What you have to do. Strip out the pictures and output each remaining line of the data word for word.

Data section.
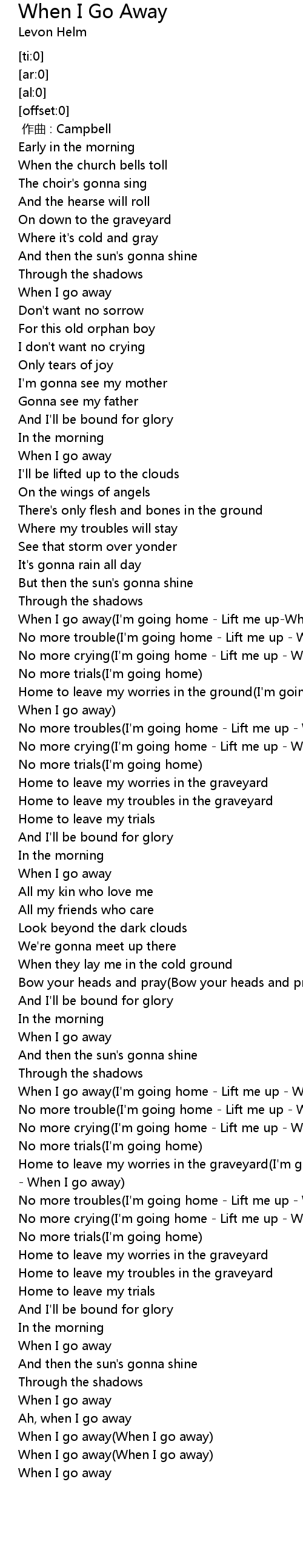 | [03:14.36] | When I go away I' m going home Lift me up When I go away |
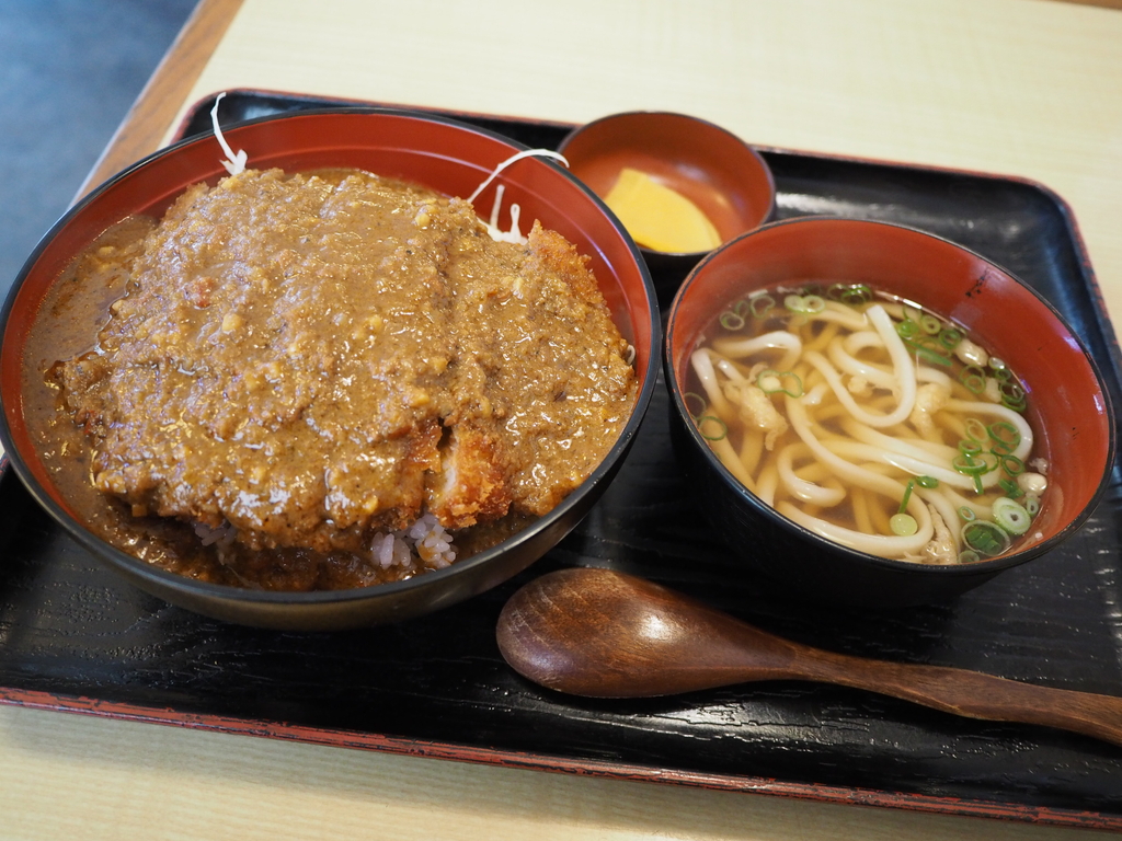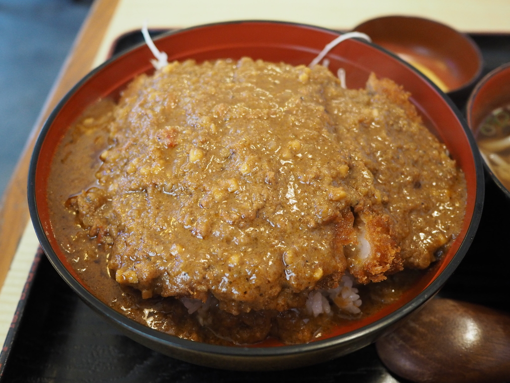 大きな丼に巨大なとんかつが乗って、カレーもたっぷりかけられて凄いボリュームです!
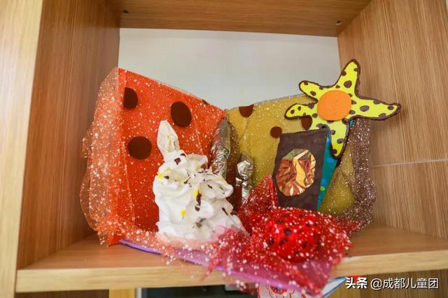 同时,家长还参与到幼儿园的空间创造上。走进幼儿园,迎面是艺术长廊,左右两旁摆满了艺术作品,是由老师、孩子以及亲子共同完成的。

Written solution.
 | [03:14.36] | When I go away I' m going home Lift me up When I go away |
 大きな丼に巨大なとんかつが乗って、カレーもたっぷりかけられて凄いボリュームです!
 同时,家长还参与到幼儿园的空间创造上。走进幼儿园,迎面是艺术长廊,左右两旁摆满了艺术作品,是由老师、孩子以及亲子共同完成的。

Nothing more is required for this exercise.